Ismail Royer: Actually this discussion and the question helped to lay the groundwork for a future webinar that we’ll be doing specifically on this question because it’s very interesting that many scholars have argued that this transition from group identity rules to individualist citizenship based rules has actually ironically had a negative impact on the rights of groups.


Although you know individuals may have rights but this disregards the rights of groups and that this actually has had, in many ways, a negative effect.

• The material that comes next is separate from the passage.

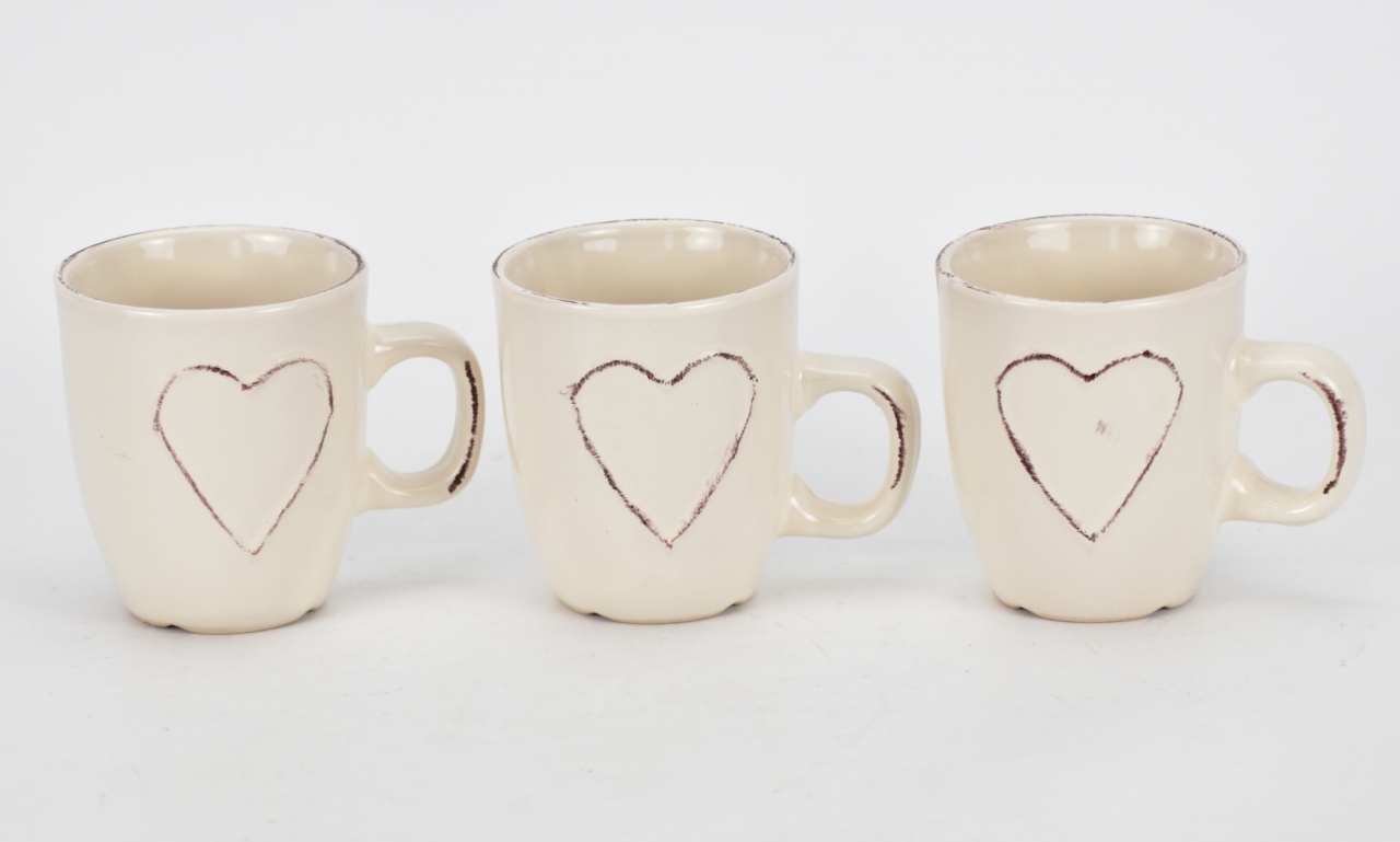 Hrnek Srdce bílý 150 ml II.jakost, sada 3 ks

So there’s now a movement aside… 


Recep Şentürk: Oh sure yeah in Muslim society also. I mean in this process in society, groups they’re also eliminated.


Ismail Royer: Fascinating discussion… you’ve really – you know – what we really wanted to do this session was to lay this foundational groundwork for future webinars and we’ve really done that so we’re so blessed and grateful that you were with us today to share your wisdom.  Jeremy, do you want to close us out?


Jeremy Barker: Sure. Yes. Thank you so much Professor Şentürk.


Recep Şentürk: You’re welcome.


Jeremy Barker: For the really fundamental principles and historical perspective that were laid and we’ll be sure to include some links to some of the articles that you mentioned – some of the papers you’ve done on adamiyyah and some of these other topics.


Ismail Royer: Circle of Justice, We’ll have that as well. The article that you wrote on that.


Jeremy Barker: Yep so thank you very much and for joining us, Osman as well. Thank you always for your insightful questions and contributions to the discussion.


Ismail Royer: I hope we’re all reunited in Sarajevo in October.


Recep Şe
Yes, inshallah. Inshallah. I miss Sarajevo! 


Osman Softic: … conference a few years ago with Professor Bakr Kalia [ph] on [unintelligible] – that was supposed to be in the same venue. Hopefully everything will work out later on.  Thank you Jeremy. Thank you Ismail. Thank You professor. Great to meet you.

Jeremy Barker: Definitely. And continue to watch the Religious Freedom Institute website at for more resources on these and other topics so thank you all and see you next time.

Ismail Royer: Assalamu alaikum wa rahmatullahi wa barakatuh.

Recep Şentürk: Wa alaikum assalam, wa alaikum assalam. Stay safe. Stay healthy!